The U.S. economy cooled in the third quarter as businesses cut back amid weakness overseas.
Gross
domestic product – the value of goods and services produced in the
country -- expanded at a seasonally adjusted annual rate of 1.5% in the
July-September period, the Commerce Department said Thursday. Economists
surveyed by Bloomberg expected 1.6% growth.
The economy surged at
a 3.9% pace in the second quarter on solid consumer spending and
business investment, releasing pent-up demand after harsh weather and a
West Coast ports slowdown held growth to a meager 0.6% in the first
quarter.
But a slowdown was expected as a rising dollar made U.S.
exports more expensive for foreign buyers and cheaper for U.S.
consumers, adding to the trade gap and to weak overseas demand
accentuated by China's economic slowdown. The global troubles, along
with low oil prices that have curtailed drilling activity, drove down
stocks in late summer and dampened business investment and consumer
confidence.
Businesses added far more slowly to inventories,
subtracting a whopping 1.44% from growth in the third quarter. Business
investment, particularly in construction, also slowed, rising 2.9%,
compared to 5.2% in the second quarter. Equipment spending held up well,
increasing 5.3%.
The dollar posed another hurdle. Exports increased 1.9%, down from 5.1% in the previous quarter, while imports increased 1.8%.
And government spending edged up 1.7%, compared to 2.6% in the earlier period.
Consumer
spending helped offset those drags, rising a surprisingly solid 3.2%
despite the market volatility.
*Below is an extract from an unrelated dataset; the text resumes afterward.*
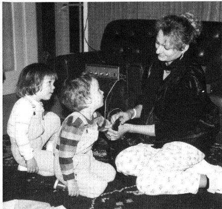
Die Kinder bei einer Tastübung: Was ist im Sack?

D. Lubé: Hier muss man unterscheiden, wer das Zielpublikum ist. Wenn ich mit gehörlosen Eltern arbeite, dann hat die Familie bereits einen ganz anderen Zugang zu diesem Kommunikationsmedium. Wenn ich schwerhörige Kinder betreue, stellt sich das Problem von lautsprachbegleitenden Gebärden kaum; dagegen ist hier die Wahl zwischen Schriftsprache und Dialekt das zentrale Anliegen der Eltern. Die Eltern, die sich dafür entschieden haben, mit Hilfe der lautsprachbegleitenden Gebärden die Sprach- und Sprechentwicklung ihres Kindes zu unter-

Consumer purchases comprise more than two
thirds of the economy and have perked up in response to cheap gasoline,
solid job gains and reduced household debt. But payroll growth slowed
dramatically in August and September and retail sales recently softened.
That's
raising questions about whether growth will pick up again in the fourth
quarter as many economists had expected. Yet stocks have rallied in
recent weeks. And on Wednesday, the Federal Reserve, citing a generally
improving economy, signaled it could raise interest rates for the first
time in nearly a decade at its December meeting.
"The economy is
in better shape than captured in the growth of real GDP," economist
James Marple of TD economics wrote in a note to clients. "The headline
masks solid strength in domestic demand that has historically been the
best predictor of future GDP growth."